▶ [Data entries]

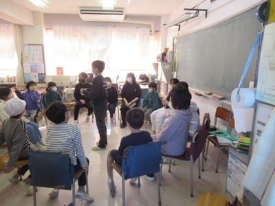 教室や校庭に集合して、鬼ごっこや短なわ、フルーツバスケットなど、班ごとに考えた遊びで年内最後の異学年交流を楽しんでいました。
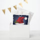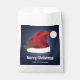 Rote festliche Weihnachtsmannmütze auf Blau mit be Geschenktütchen
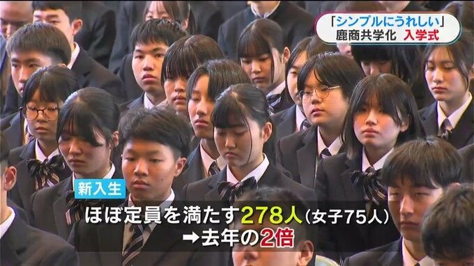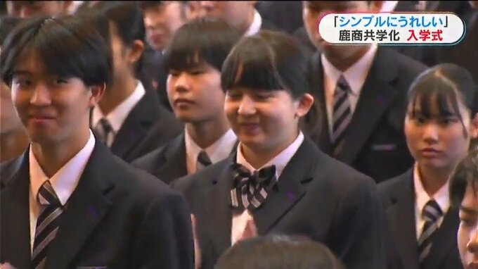 鹿児島市の鹿児島商業高校で9日に入学式があり、新たに男女共学の学校としてスタートしました。初めて女子生徒を迎えた先輩たちからは、歓迎の声が上がりました。
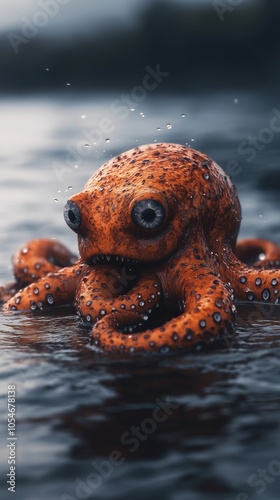 Obraz premium Cute Orange Octopus Emerging from Water
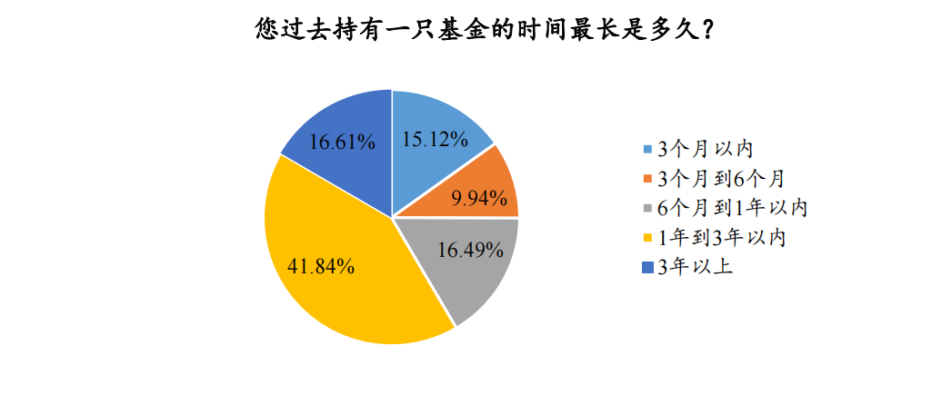 值得一提的是,在研究投资决策这一部分,《报告》还专门对基民持有基金的时长进行了统计。59%的用户持有一只基金的最长时间超过一年,但仍有41%的用户持有一只基金最长时间低于1年。《报告》认为,短期持有者更容易受到市场波动和情绪影响,从而频繁换仓。这会因基金交易费用而降低投资者的收益率,也会增加市场的波动性。相比之下,长期持有者通常更具稳定性,可以为市场提供更持久的资金流动。
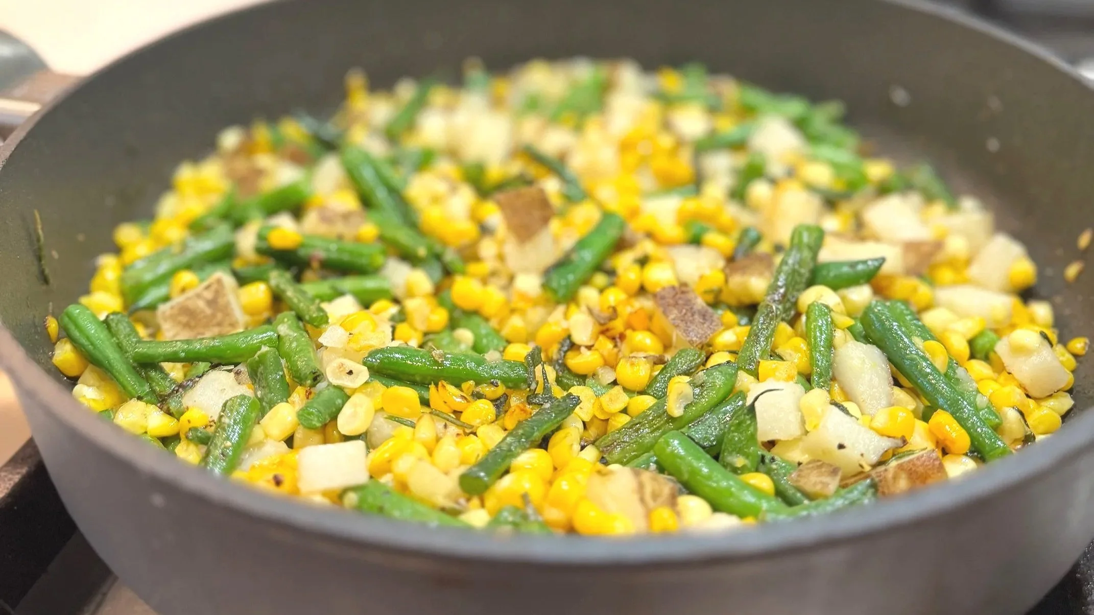 3. Add green beans and corn kernels to the skillet; sauté until tender and slightly caramelized, about 6-8 minutes.
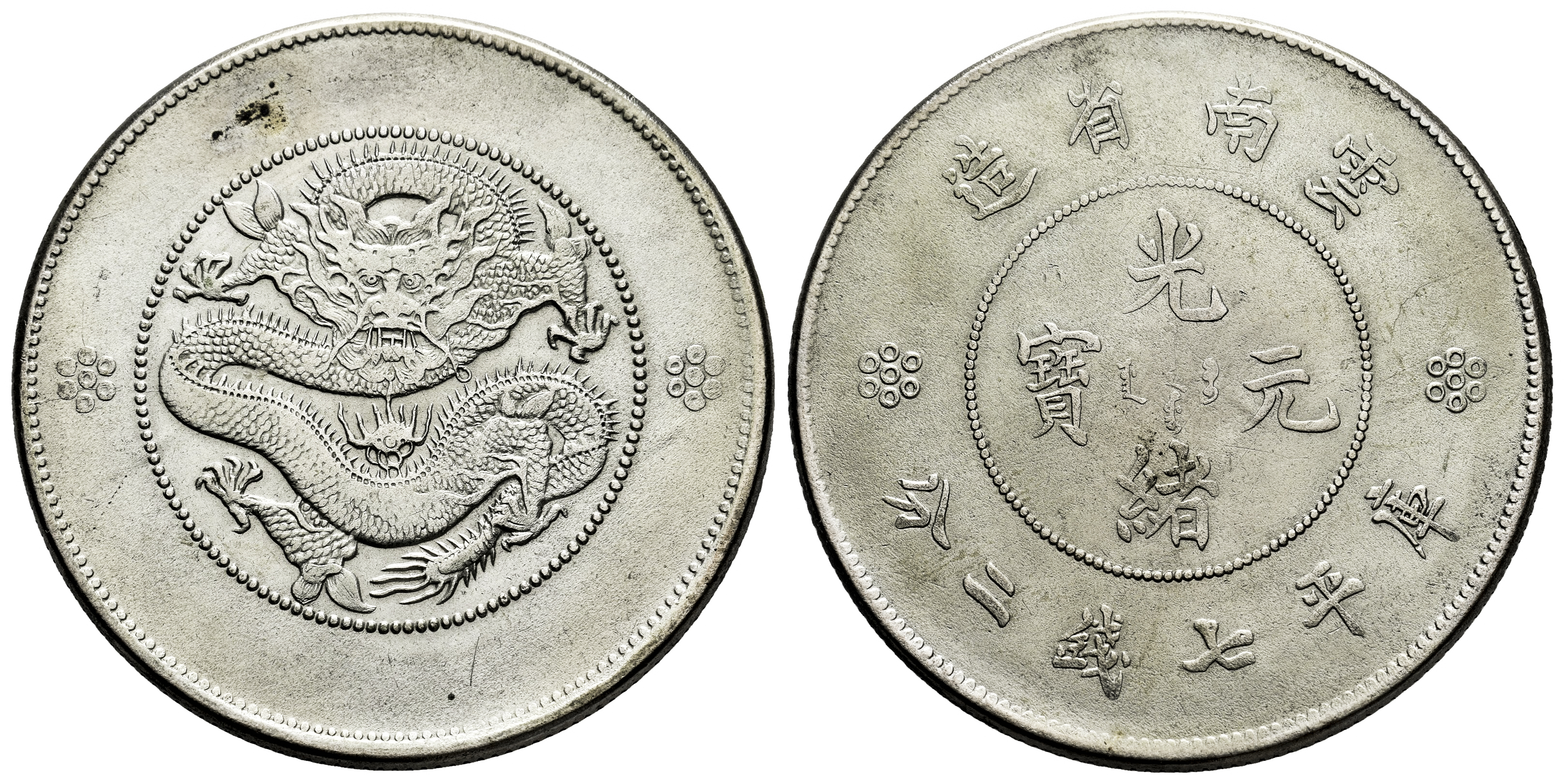 China. Yunnan. 1 dollar. ND (1911). Kunming Mint. In the name of Kuang-hsu (Guangxu). (Km-Y258). (L&M-421). (Kann-169). Ag. 26,65 g. Choice VF. Est...120,00.
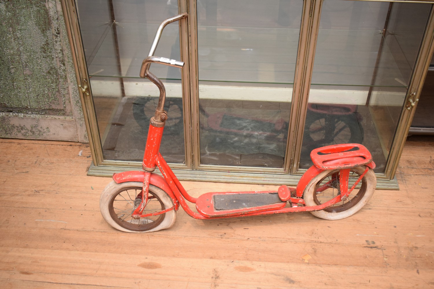 A VINTAGE RED SCOOTER (A/F) (83H X 115W CM)
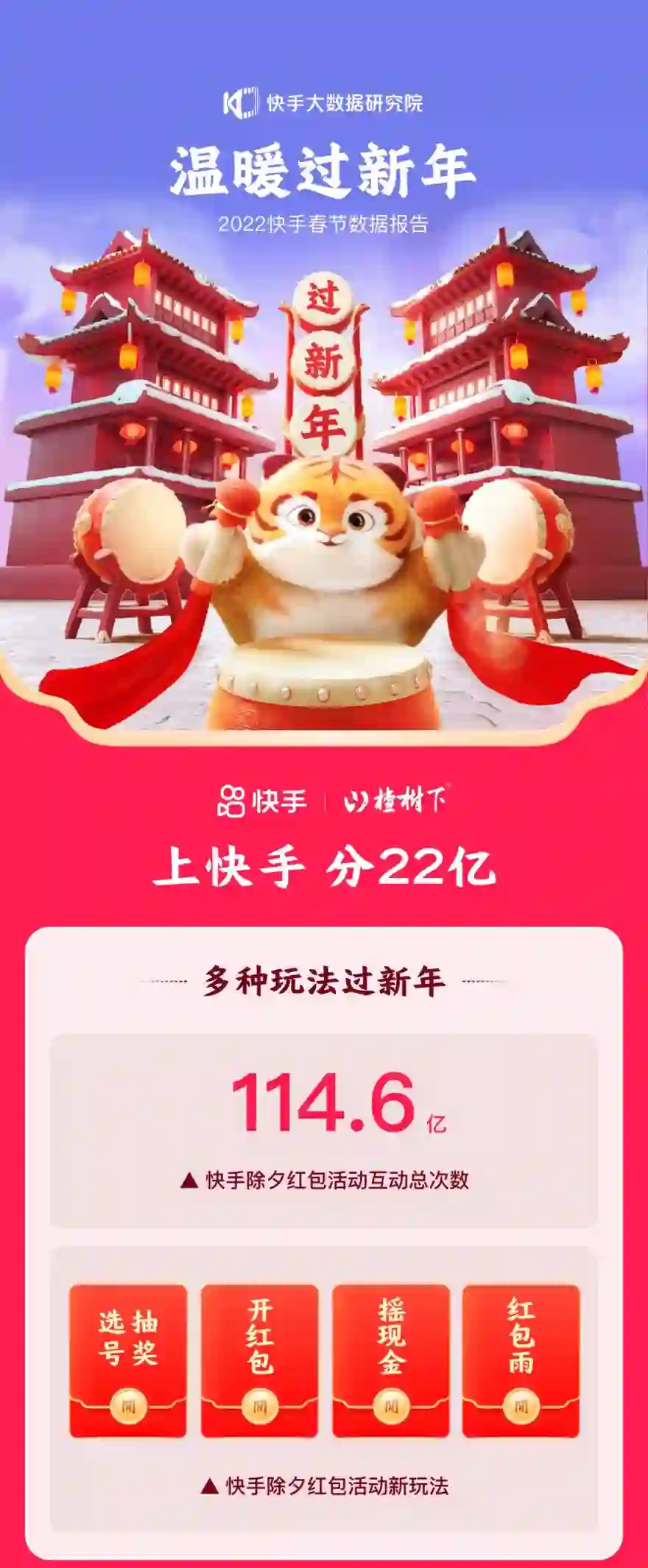 这种大战的硝烟感在2022年春节几近消失,取而代之的,是更多有温度、有欢乐的活动。比如快手在今年就继续分22亿红包,但主题变成了宠粉、分福利,通过多样的玩法让用户感受到春节的气氛。而在快手等平台上抢红包,成为了很多用户的新年俗。
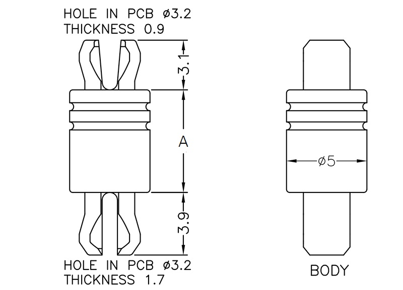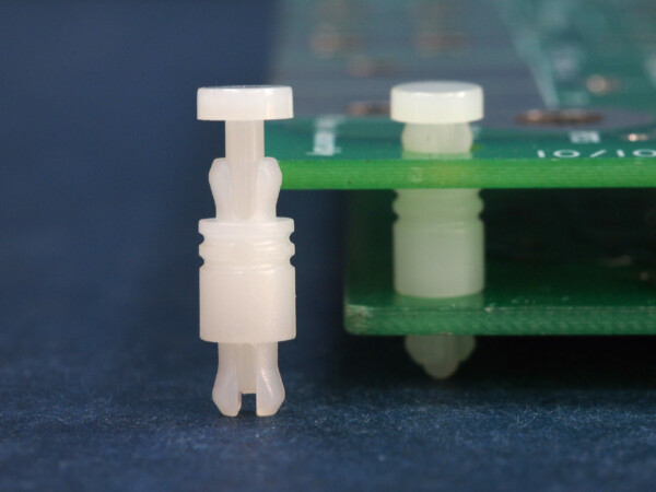 PCB support for 3.2 mm top and bottom panel hole. Firmly secured with removable locking pin (included). Spacer length 6.4 mm.
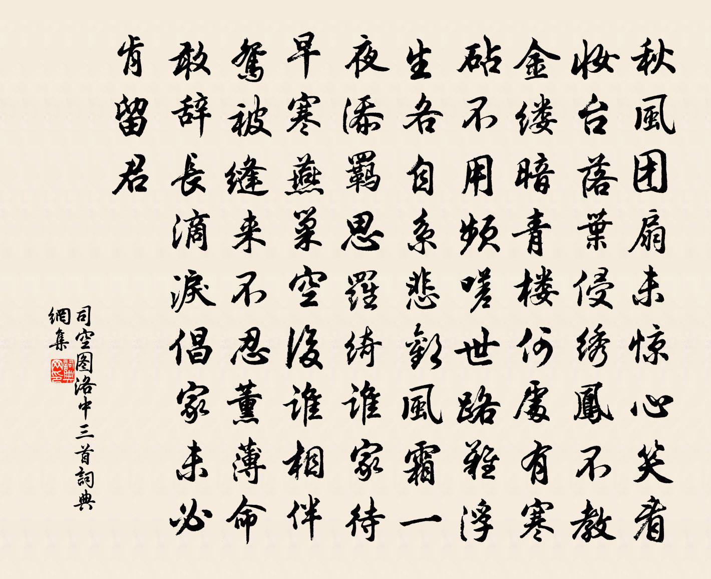 秋風團扇未驚心,笑看妝檯落葉侵。繡鳳不教金縷暗,青樓何處有寒砧。
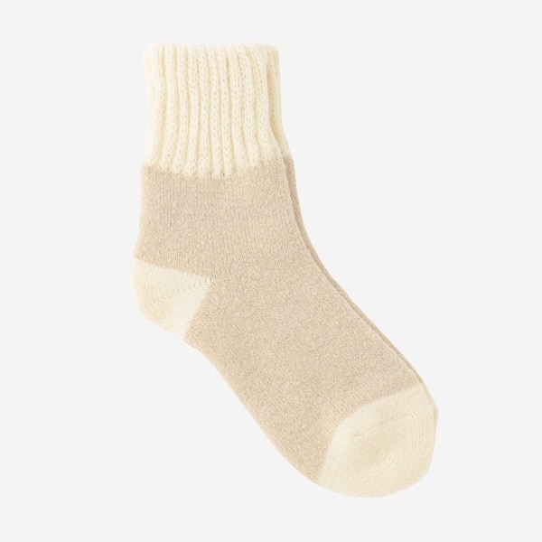 ローゲージのパイル編み機で作ったルームソックスはふんわりあたたか。くちゴム部分は特殊な編地でふんわりやわらか。足底部分にはすべりどめもついてます。
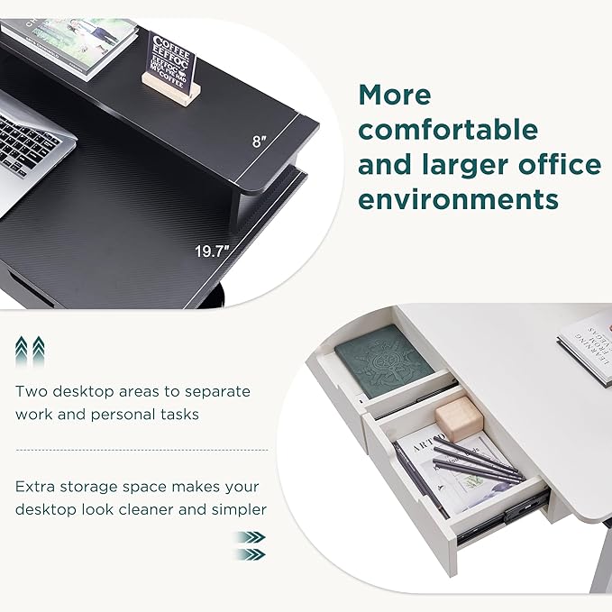 - Spacious Workspace: the monitor shelf provides a comfortable height and better control of the distance from your eyes and the angle of the screen. The under-shelf store's office supplies and displays decorative items without compromising your workspace. 75 * 60 inches allows you to use one part as your office area and the other part as your study and entertainment area
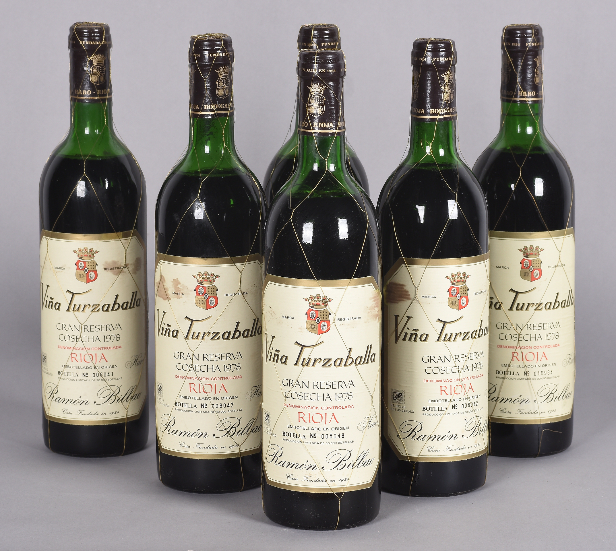 Lote compuesto por 6 botellas de vino tinto Bodegas Ramón Bilbao VIÑA TURZABALLA Gran Reserva 1978. En caja de madera Original. Haro La Rioja
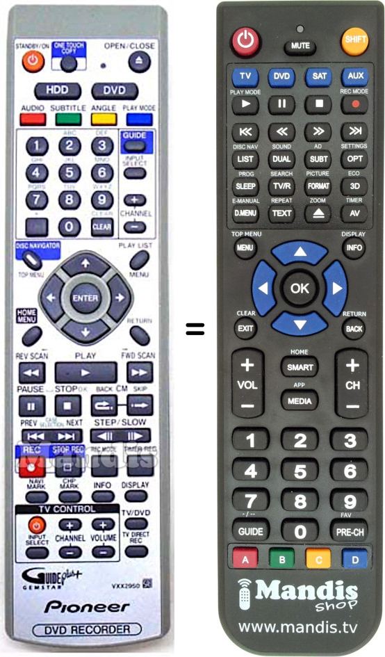 Below, we will show you the correspondence between each button on the original remote control and the button that performs the same function on the replacement remote control. In some cases, you may need to press the SHIFT key before pressing another button to perform certain actions. These additional functions are often not widely used and are included to facilitate understanding of the replacement remote control, or because the original remote control has more buttons than its equivalent.

▶ [What this task involves] Exactly as they stand, set down all of the entries above, minus every picture.

▶ [Problem solution]
 教室や校庭に集合して、鬼ごっこや短なわ、フルーツバスケットなど、班ごとに考えた遊びで年内最後の異学年交流を楽しんでいました。
 Rote festliche Weihnachtsmannmütze auf Blau mit be Geschenktütchen
 鹿児島市の鹿児島商業高校で9日に入学式があり、新たに男女共学の学校としてスタートしました。初めて女子生徒を迎えた先輩たちからは、歓迎の声が上がりました。
 Obraz premium Cute Orange Octopus Emerging from Water
 值得一提的是,在研究投资决策这一部分,《报告》还专门对基民持有基金的时长进行了统计。59%的用户持有一只基金的最长时间超过一年,但仍有41%的用户持有一只基金最长时间低于1年。《报告》认为,短期持有者更容易受到市场波动和情绪影响,从而频繁换仓。这会因基金交易费用而降低投资者的收益率,也会增加市场的波动性。相比之下,长期持有者通常更具稳定性,可以为市场提供更持久的资金流动。
 3. Add green beans and corn kernels to the skillet; sauté until tender and slightly caramelized, about 6-8 minutes.
 China. Yunnan. 1 dollar. ND (1911). Kunming Mint. In the name of Kuang-hsu (Guangxu). (Km-Y258). (L&M-421). (Kann-169). Ag. 26,65 g. Choice VF. Est...120,00.
 A VINTAGE RED SCOOTER (A/F) (83H X 115W CM)
 这种大战的硝烟感在2022年春节几近消失,取而代之的,是更多有温度、有欢乐的活动。比如快手在今年就继续分22亿红包,但主题变成了宠粉、分福利,通过多样的玩法让用户感受到春节的气氛。而在快手等平台上抢红包,成为了很多用户的新年俗。
 PCB support for 3.2 mm top and bottom panel hole. Firmly secured with removable locking pin (included). Spacer length 6.4 mm.
 秋風團扇未驚心,笑看妝檯落葉侵。繡鳳不教金縷暗,青樓何處有寒砧。
 ローゲージのパイル編み機で作ったルームソックスはふんわりあたたか。くちゴム部分は特殊な編地でふんわりやわらか。足底部分にはすべりどめもついてます。
 - Spacious Workspace: the monitor shelf provides a comfortable height and better control of the distance from your eyes and the angle of the screen. The under-shelf store's office supplies and displays decorative items without compromising your workspace. 75 * 60 inches allows you to use one part as your office area and the other part as your study and entertainment area
 Lote compuesto por 6 botellas de vino tinto Bodegas Ramón Bilbao VIÑA TURZABALLA Gran Reserva 1978. En caja de madera Original. Haro La Rioja
 Below, we will show you the correspondence between each button on the original remote control and the button that performs the same function on the replacement remote control. In some cases, you may need to press the SHIFT key before pressing another button to perform certain actions. These additional functions are often not widely used and are included to facilitate understanding of the replacement remote control, or because the original remote control has more buttons than its equivalent.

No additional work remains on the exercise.